We crawled the top 100 St. Louis local businesses by Google traffic and looked at their head tags. The results would surprise you only if you haven’t looked at a small-business website lately.

These five tags are what tell search engines and AI engines what your page is, who you are, and how you should be linked to. They’re cheap to add, take 20 minutes per page, and they materially change how a local site is interpreted by every modern crawler.

1. LocalBusiness schema (or Service / Organization)

Of 100 sites: 12 had it. The other 88 are leaving structured-data-driven features on the table — knowledge panel, rich results, AI citation eligibility. It’s a JSON block in the head; it has no rendering cost. There’s no excuse.

2. Canonical link

Of 100: 41 had it correctly set; 12 had it pointing to the homepage on every page (broken); 47 didn’t have it. Without canonicals, your /services and /services/ are competing duplicates. Multiply that by every parameter and you have a long-tail SEO problem.

3. Open Graph image + title

Of 100: 23 had a real OG image. The other 77 share to Slack and look like a stock placeholder.

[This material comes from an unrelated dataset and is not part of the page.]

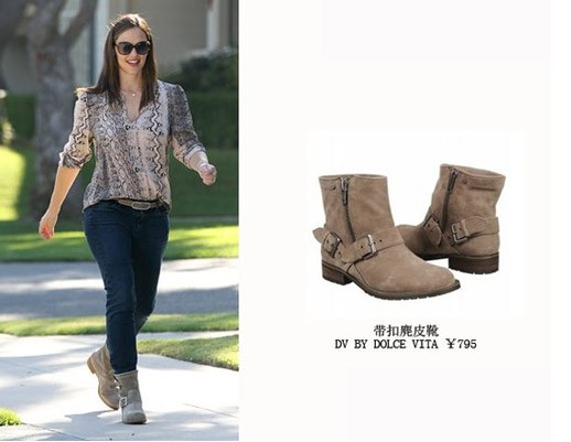 詹妮弗-加纳(Jennifer Garner)裸色短靴搭配印花衬衫与牛仔裤更多出一丝潇洒爽朗。

Social referrals from a real OG image convert at 2-3x the rate of a default — small lift on small volume, but free.

4. Robots / x-robots-tag

Of 100: 9 had a noindex on a page that shouldn’t be public (staging, internal, /thanks); 4 had a noindex on the home page (someone left it on after launch). The other 87 were fine. The 9 are losing rankings to nothing, by accident.

5. hreflang or geo-targeting

Less common, but if you’re a Missouri business with Illinois locations: a geo tag in the schema and explicit hreflang where you have multilingual content. Of the 23 with multi-state operations, 0 had it set correctly.

“Of 100 sites, 1 had all five correct. The other 99 had at least one missing or misconfigured.”

How long this takes to fix

An afternoon for a small site. A day for a 30-page site. Most CMS platforms have plugins; on a custom build it’s a single edit to the head template and a JSON block per route. The result lands in the index within two crawl cycles, usually a week.